+++ Supplied material +++

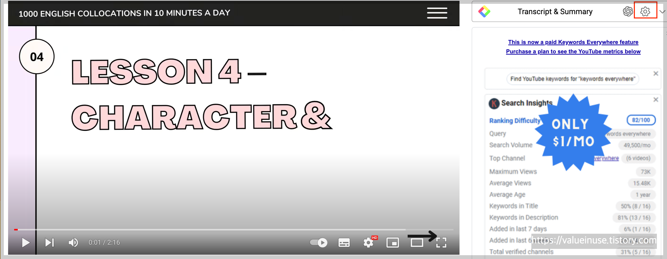 설치한 후 유튜브 영상을 재생하면 오른쪽에 "스크립트, 서머리"가 보입니다. 설정을 클릭하세요
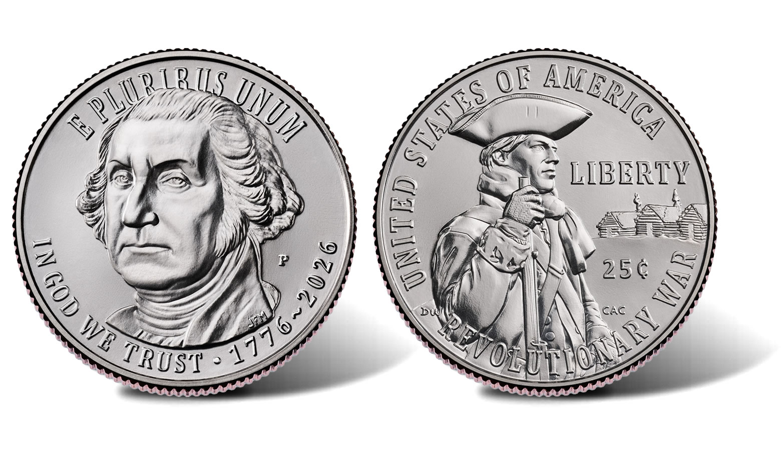 The reverse design shows a Continental Army soldier at Valley Forge, Pennsylvania. Washington’s forces endured defeat at the Battle of Brandywine and faced disease and extreme cold during their winter encampment from 1777 to 1778. Independence had been declared the previous July, but the Second Continental Congress was forced to flee Philadelphia to evade a British attack. The soldier’s resolute gaze shows his will to overcome the trials of the war in pursuit of liberty. The inscriptions are "UNITED STATES OF AMERICA," "LIBERTY," "25¢," and "REVOLUTIONARY WAR."
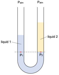 Note that although both sides of the U-tube are at atmospheric pressure the levels of the two liquids are at different heights. This happens because the two liquids have differing densities.

+++

Leaving images out, please output every line of the data exactly.

 설치한 후 유튜브 영상을 재생하면 오른쪽에 "스크립트, 서머리"가 보입니다. 설정을 클릭하세요
 The reverse design shows a Continental Army soldier at Valley Forge, Pennsylvania. Washington’s forces endured defeat at the Battle of Brandywine and faced disease and extreme cold during their winter encampment from 1777 to 1778. Independence had been declared the previous July, but the Second Continental Congress was forced to flee Philadelphia to evade a British attack. The soldier’s resolute gaze shows his will to overcome the trials of the war in pursuit of liberty. The inscriptions are "UNITED STATES OF AMERICA," "LIBERTY," "25¢," and "REVOLUTIONARY WAR."
 Note that although both sides of the U-tube are at atmospheric pressure the levels of the two liquids are at different heights. This happens because the two liquids have differing densities.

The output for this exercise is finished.